1612. Минин и Пожарский — страница 16 из 37

— Для нас ныне московская чернь страшнее Жолкевского! — возразил Воротынскому Борис Лыков. — Сегодня посадские меня избили и ограбили, завтра любой из вас может нарваться на кулак или нож хоть в Белом городе, хоть в Земляном. Наши стрельцы с москвичами воевать не станут, а наемники Жолкевского за деньги на кого угодно сабли обнажат.

— У Жолкевского в отряде всего семь тыщ воинов, — заметил Иван Романов. — Этого войска будет явно недостаточно для усмирения московской черни. Посадских и беглых холопов наберется в Москве не меньше тридцати тыщ. Сметет эта орава поляков, и нас вместе с ними!

— Выкатим пушки на улицы и угостим сермяжников ядрами и картечью! — зло проговорил Лыков. — А потом выпустим на эту голытьбу наемников Жолкевского, как свору свирепых псов. Чем больше смутьянов поляжет от польских пик и сабель, тем будет лучше для нас. Иль я не прав, бояре?

После долгих споров было решено пригласить в Кремль гетмана Жолкевского, чтобы обговорить с ним условия вступления сюда польского войска.

— В любом случае это будет временная мера, — сказал Федор Мстиславский, желая воспрепятствовать резким возражениям Ивана Воротынского. — Мы и так сидим как на пороховой бочке. Коль народ поднимется против нас скопом, то без помощи наемников Жолкевского нам в Кремле не удержаться. Лыков прав, стрелецкое войско ненадежно, а наших слуг и верных нам дворян слишком мало, чтобы выстоять против вооруженной московской черни.

Гетман Жолкевский прибыл в Кремль вместе со своими ближайшими помощниками полковниками Гонсевским и Мархоцким. Прекрасно сознавая, сколь шатко положение бояр-блюстителей и тех, кто стоит у них за спиной, Станислав Жолкевский уже был готов к такому повороту событий. Он пообещал Федору Мстиславскому, что польское войско готово встать на защиту бояр, их семей и слуг от любых проявлений враждебности со стороны московского люда. «Войдя в Кремль, польское войско пробудет здесь столько, сколько потребуется для наведения порядка в Москве, — сказал Жолкевский. — После чего мои воины уйдут из Кремля по первому же требованию бояр, с коими я заключаю ныне этот договор».
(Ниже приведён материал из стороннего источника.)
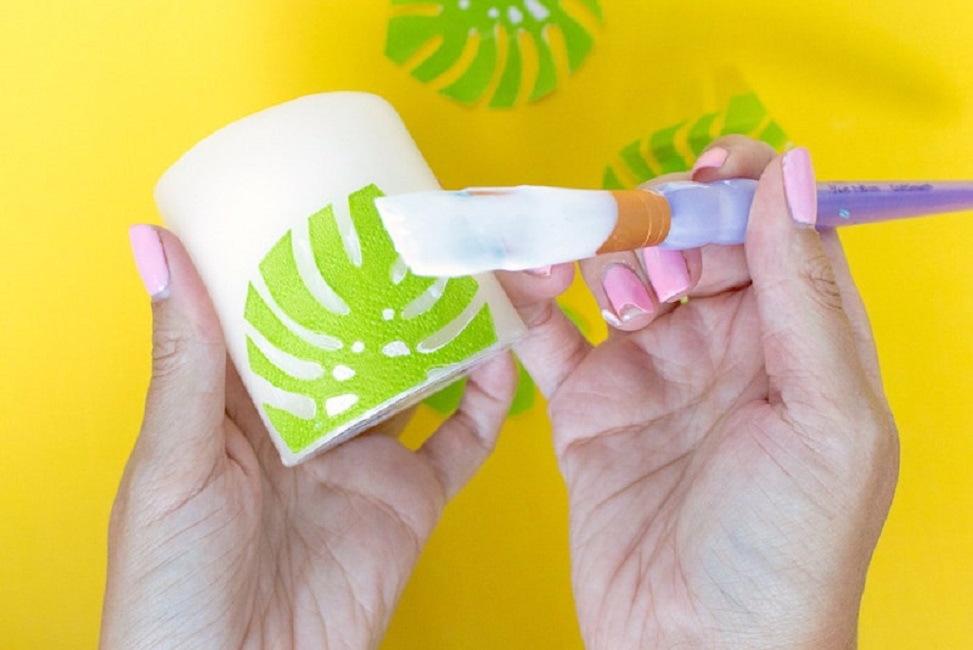 El pegamento PVA fija perfectamente las servilletas y el papel decorativo.

Соглашение между боярами-блюстителями и гетманом Жолкевским о вступлении поляков в Кремль не было записано на бумаге, об этом не были извещены ни патриарх Гермоген, ни Земский собор, ни местные московские власти. Все было совершено тихо и негласно. Бояре и Жолкевский действовали как заговорщики, сознавая, что ни представители Земского собора, ни патриарх, ни жители Москвы с таким решением Семибоярщины не согласятся.
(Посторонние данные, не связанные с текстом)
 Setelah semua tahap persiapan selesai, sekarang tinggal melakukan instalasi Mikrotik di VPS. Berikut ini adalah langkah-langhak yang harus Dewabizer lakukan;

Наемные и польские отряды Жолкевского вошли в Кремль и Китай-город под покровом ночи без барабанного боя, со свернутыми знаменами. Как писал впоследствии в своих воспоминаниях Станислав Жолкевский, это была его самая великая и самая бескровная победа за всю его ратную жизнь. Понимая, что немногочисленному польскому гарнизону будет очень трудно противостоять жителям Москвы в случае их восстания, гетман Жолкевский через несколько дней уехал к польскому королю в его стан под Смоленском. Жолкевский хотел убедить Сигизмунда оставить Смоленск и поспешить в Москву, где местная знать была готова вручить шапку Мономаха его сыну Владиславу. Жолкевский полагал, что Сигизмунд теперь вполне может и сам занять трон московских царей, не подписывая никаких договоров.

* * *

О том, что польское войско разместилось в Кремле и Китай-городе, Василий Шуйский узнал от своего брата Дмитрия, который навестил его в Чудовом монастыре, расположенном на территории Кремля. Постриженный насильно в монахи, Василий Шуйский пребывал в стенах монастыря как узник. Он демонстративно отказывался соблюдать дневной распорядок, по которому жили здешние монахи, не ходил на молебны, не вкушал монастырскую пищу. Здешний игумен в душе был на стороне Василия Шуйского, поэтому он ни в чем его не упрекал, не досаждал ему своими распоряжениями, не заставлял низложенного государя жить вместе со всей братией строго по монастырскому уставу.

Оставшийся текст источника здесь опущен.